If it's a front seat, then yes, you _could_ raise the seat with spacers. If it's the back seat, don't really see an option to raise the seat.


----------



## Instg8ter (Sep 28, 2010)

how do you plan on isolating the magnet from the floor pan? my seat tabs were bent when mounted right to the pan, would worry about just putting an inch spacer under them and not have the bracket tabs bend over time.


----------



## 70gtorag (Nov 17, 2010)

I am considering the same thing for a 70 gto convertible, I have the front seats out right now to see if they can be modified for an enclosed powered sub... which one did you get??
There is only 2" clear under the seat because of the slider rails. If you try and shim the four bolts that mount the seat to the sliders, there is only about 3/8" shim space as the bolts are not that long. I guess you could get longer bolts, and put in some larger shims, but would recommend having a steel shim welded in for increased strength. The 8" enclosed subwoofers I have seen require at least 3-1/4", and since the floor pan under the seat is arched a little front to back it would require more clearance to fit, likely in the 4" range. That means adding a 2" spacer??? 
Would love to know if you came up with any other ideas. I will have all my components by this weekend, except for a subwoofer. Have a clarion cms1 to mount in the glovebox, that has a wired remote control that I will install in the console. Have a 6x9 front speaker, with dual voice coils in the stock location, along with 2 6x9 rear speakers in the stock locations, and a 4 channel amp that will mount under the drivers seat, as it is less than 2". I just have not been able to find a sub that fits.
Pioneer has a low profile 8" component sub, that is only about 3" deep, and I have thought about mounting it to the seat frame under the seat, with the magnet sitting up in the cavity of the lower seat, but when someone sits in the seat, the springs lower quite a bit and would hit the speaker. The distance between the seat frame measures 8" across, and the speaker requires a cutout of about 7-1/2". But that is a sub without an enclosure, and still needs an amp to drive it!

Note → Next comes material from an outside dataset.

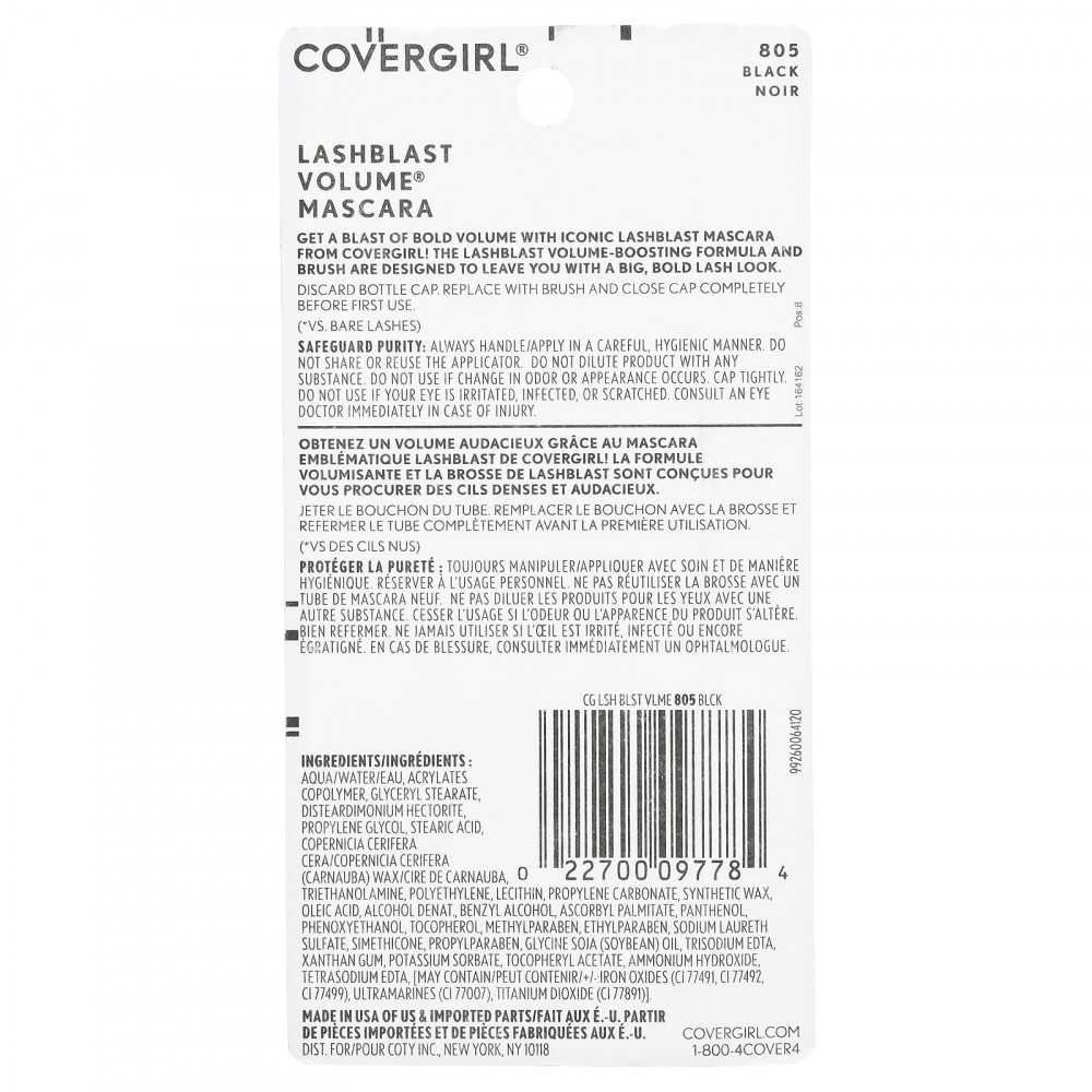 Получите взрывной объем с помощью культовой туши для ресниц от Covergirl! Средство и кисть для увеличения объема ресниц созданы для того, чтобы придать вашим ресницам эффектный вид.

I am still working on a solution. Have you come up with anything yet?
Have a photo of the seat bottom but do not know how to upload it!


----------



## kenbaustin (Dec 24, 2010)

I could not get it under my seat it was just to tight and even if I raised the seat it would still not fit. I just could not get myself to put it in the trunk since it is a convertible and I took out the back seat to see if I could get it under there somewhere.. no go... so I did the unthinkable and I sacrificed my glove box and used a metal mounting bracket which mounted up nicely using existing holes from the glove box. Off course its not pretty when you open my glove box but I never used that hardly anyway and I can with a couple of screws take it out and put the glove box enclosure back in. I also installed some pioneer 180 watt kicker panels speakers and used dynamat under the dash and behind the kicker panels also glued some foam around outside of the kicker panel to get a good seal. Sounds great... now if it would just warmm up a little so I can take it out for a spin with the top down.  Here is a link to the sub i bought... sound ordinance from crutchfield.. 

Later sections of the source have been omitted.